"This type of tasks involves grouping data by members of an external set, rather than by field va .."

jinxing RaqForum 41 No.
4 View • 1 Months ago

A Field Guide to Querying and Report Computations with SPL - 5 Align and group data by members of an external set

This type of tasks involves grouping data by members of an external set, rather than by field values of the set of records itself or a set of computed column values. SQL does not support data grouping directly by an external set. It needs to associate with an external table or perform union of multiple subqueries. The approach is rigid and makes code difficult to write. The SQL code becomes even harder to write when there isn’t a one-to-one correspondence between records of the set and members of the external set and extra members need to be handled.

Example 1: Perform aggregations on discontinuous orders according to continuous months

Source data: An orders table where not every month has records (5\OrdersUncontinuous.txt)

Target: Group records by month in the chronological order, and find order volume per month, amounts of the first order and the last order and those of the smallest order and the largest order. For months that do not have any orders, those values also need to be computed.

Picture1png

SPL code:

	A
1	$select * from 5\OrdersUncontinuous.txt order by OrderDate
2	=A1.run(OrderDate=pdate@m(OrderDate))
3	=list=periods@m(A1.min(OrderDate),A1.max(OrderDate))
4	=A1.align@a(list,OrderDate)
5	=A4.new(list(#):Month,~.count():cnt, ~.m(1).Amount:first, ~.m(-1).Amount:last, ~.min(Amount):min, ~.max(Amount):max)

A1: Load data, during which records are sorted by order date.

A2: Modify OrderDate value as the first date of the current month.

Picture2png
A3: Generate a sequence of continuous months named list, where each member corresponds to a month.
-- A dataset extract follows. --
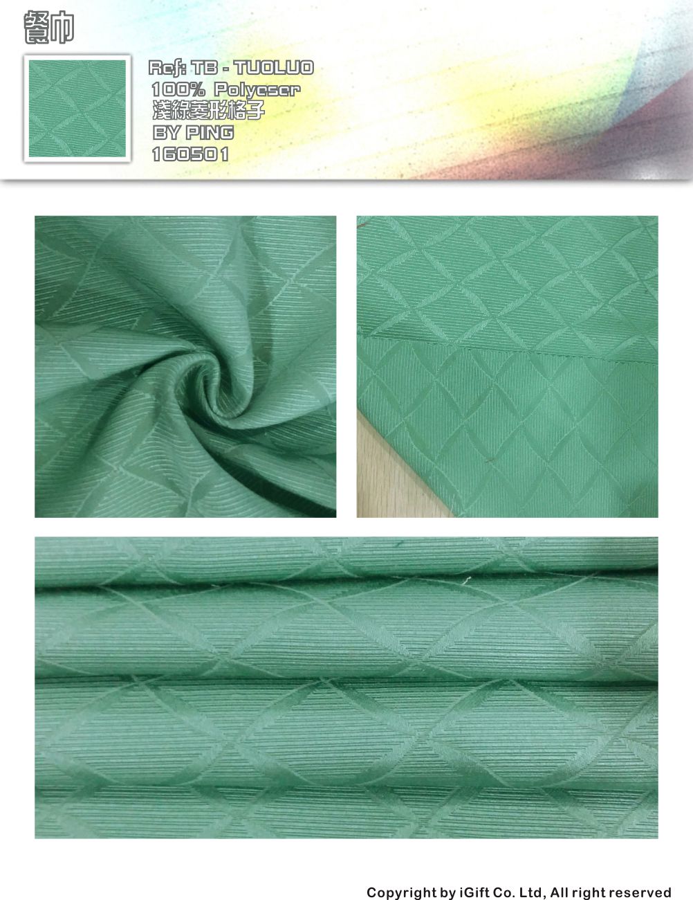 TB-TOLO 餐巾-淺綠菱形格子  餐飲布草  成份:100%Polyester 正面照
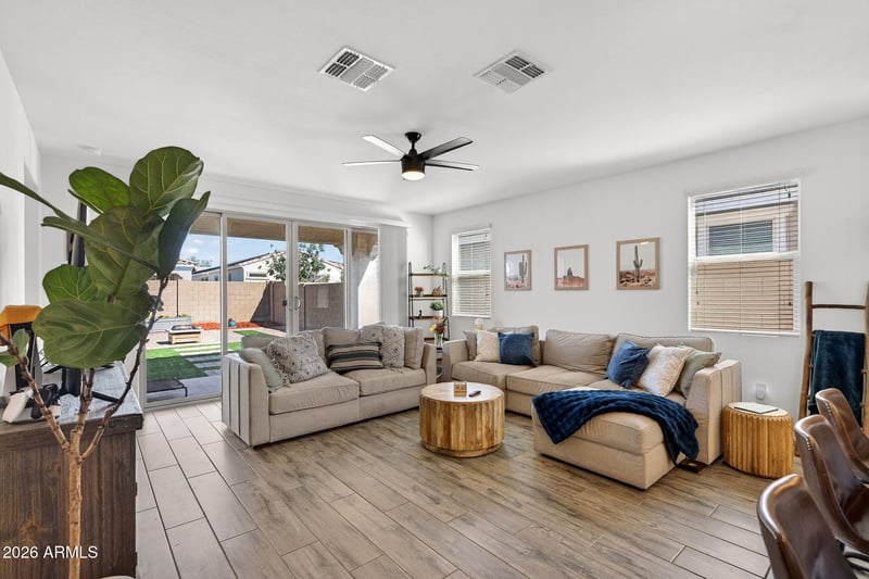Listing details for 9440 Willow Bend Ln, Phoenix, AZ 85037 : Beautifully maintained 3-bedroom, 2-bath home located in the gated Western Enclave community, built in 2019 and offering a modern single-level layout with thoughtful upgrades. The open floor plan features a spacious great room that flows into a beautifully designed kitchen with quartz countertops, a large island with seating, espresso cabinetry, stainless appliances, and a stylish tile backsplash. The layout is ideal for everyday living and entertaining. The split primary suite offers a walk-in closet, dual sinks, and a private bathroom. Two additional bedrooms provide flexibility for guests, family, or a home office. Step outside to a Beautifully designed backyard Featuring a paver patio area, artificial turf, and low-maintenance landscaping, creating a comfortable outdoor space perfect for or entertaining. Additional features include: " 2-car garage " tankless gas water heater " energy-efficient windows " no interior steps " gated community with playground and walking paths Conveniently located near Westgate Entertainment District, State Farm Stadium, Desert Diamond Arena, Tanger Outlets, and Loop 101, I-10, and the 202, providing easy access to shopping, dining, and entertainment throughout the Valley.

The periods() function generates continuous dates using the specified starting and ending dates; the default interval unit is day. @m option implies the interval unit is month; and the default interval is 1.

Picture3png
A4: Align orders records to list – each group contains records of one month. Certain months may have empty data. The align@a() function aligns orders records to the list and group them by it.

Picture4png
 Learning point: Alignment grouping
SPL align() function aligns and groups a set of records according to an external set. If there are extra members in the set of records, they do not have corresponding groups; if the external set has extra members, their corresponding groups are empty. The function returns the first member of each group by default; @a option enables returning all members.

Picture6png
Parameter A: The external set represented by a field of an external set of records or its expression and written in the form of “set name:field name/expression”.
Parameter y: A field/expression of the to-be-grouped set of records.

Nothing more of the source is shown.